What you have to do - Would you retype exactly the lines below, from the one containing "- COMPLETE FUN" through the end of the entries, both ends included, but not the pictures?
Information supplied Start Marker
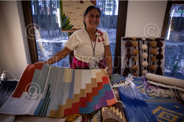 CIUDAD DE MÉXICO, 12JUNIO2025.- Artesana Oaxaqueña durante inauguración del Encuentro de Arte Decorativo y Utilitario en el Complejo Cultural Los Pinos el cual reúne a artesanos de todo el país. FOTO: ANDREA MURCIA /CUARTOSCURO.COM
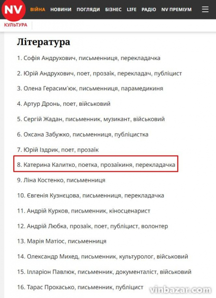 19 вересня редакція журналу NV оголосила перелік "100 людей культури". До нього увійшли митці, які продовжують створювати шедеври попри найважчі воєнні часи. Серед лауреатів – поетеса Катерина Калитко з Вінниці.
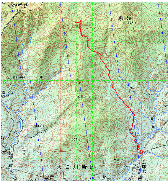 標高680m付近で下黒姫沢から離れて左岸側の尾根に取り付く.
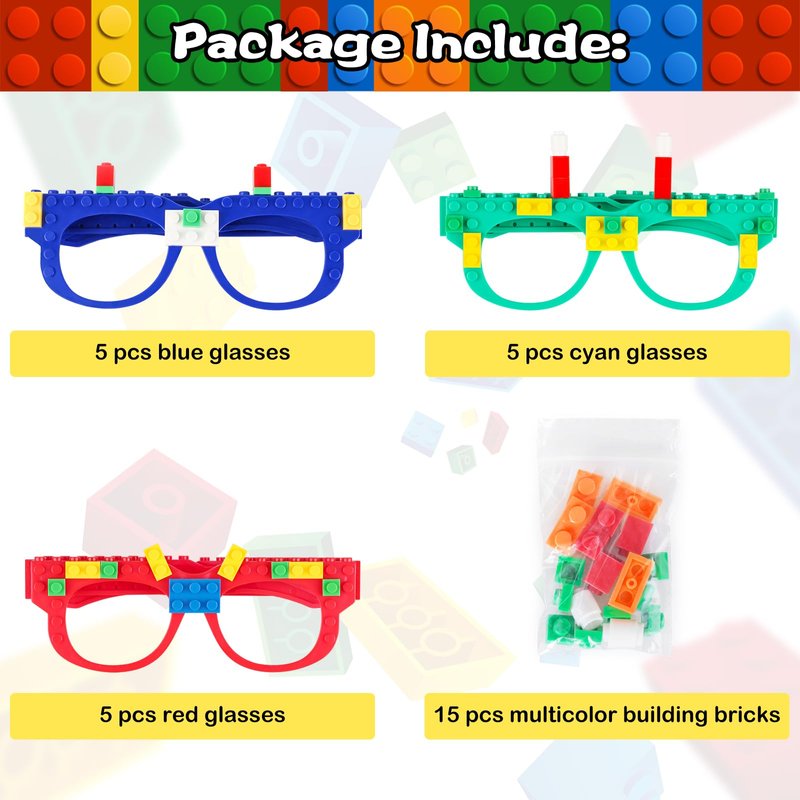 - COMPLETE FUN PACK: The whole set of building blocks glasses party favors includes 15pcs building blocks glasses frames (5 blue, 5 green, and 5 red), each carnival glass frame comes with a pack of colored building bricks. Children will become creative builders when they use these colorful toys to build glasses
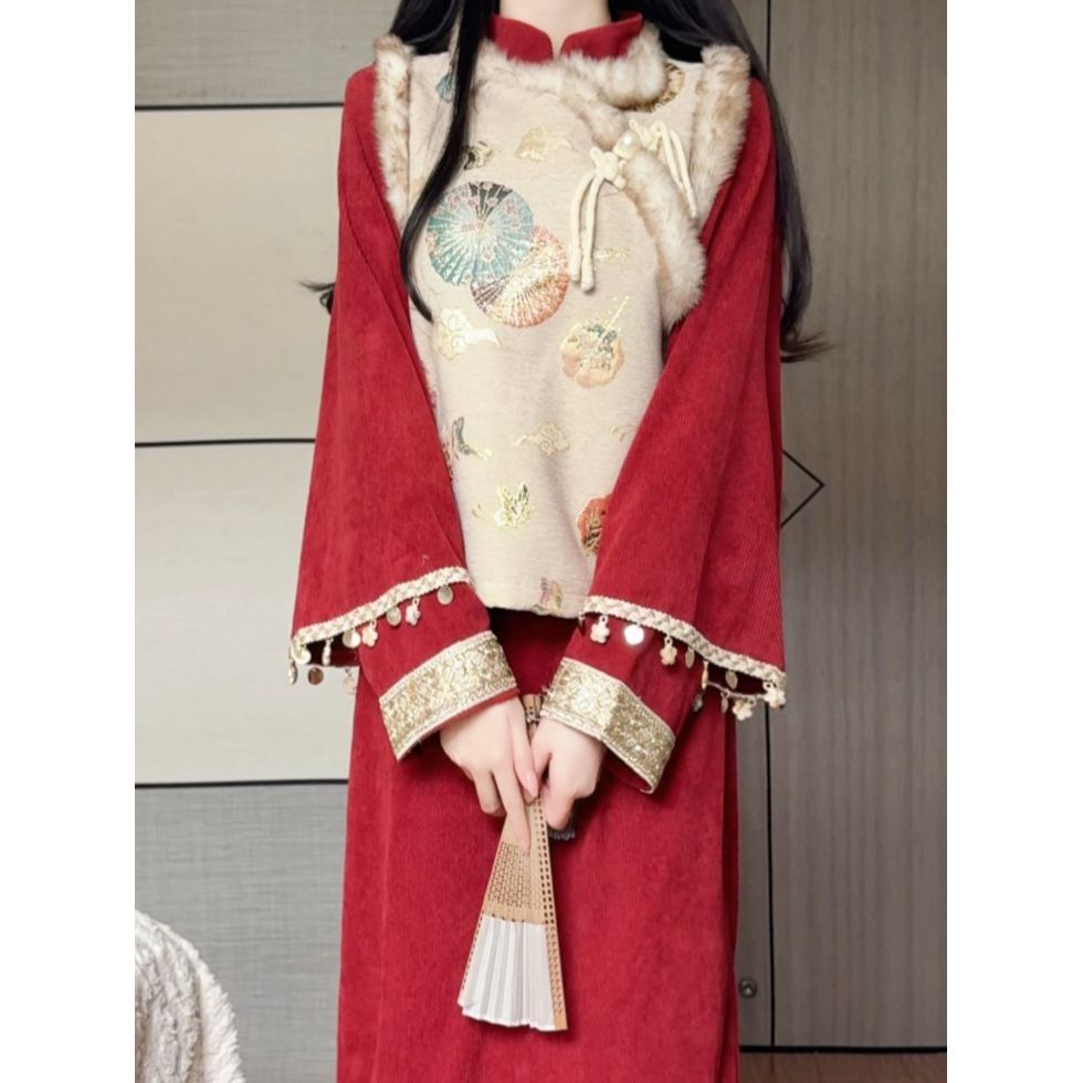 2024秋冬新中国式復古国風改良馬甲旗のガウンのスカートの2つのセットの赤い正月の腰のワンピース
Information supplied End Marker
Completed task -
 - COMPLETE FUN PACK: The whole set of building blocks glasses party favors includes 15pcs building blocks glasses frames (5 blue, 5 green, and 5 red), each carnival glass frame comes with a pack of colored building bricks. Children will become creative builders when they use these colorful toys to build glasses
 2024秋冬新中国式復古国風改良馬甲旗のガウンのスカートの2つのセットの赤い正月の腰のワンピース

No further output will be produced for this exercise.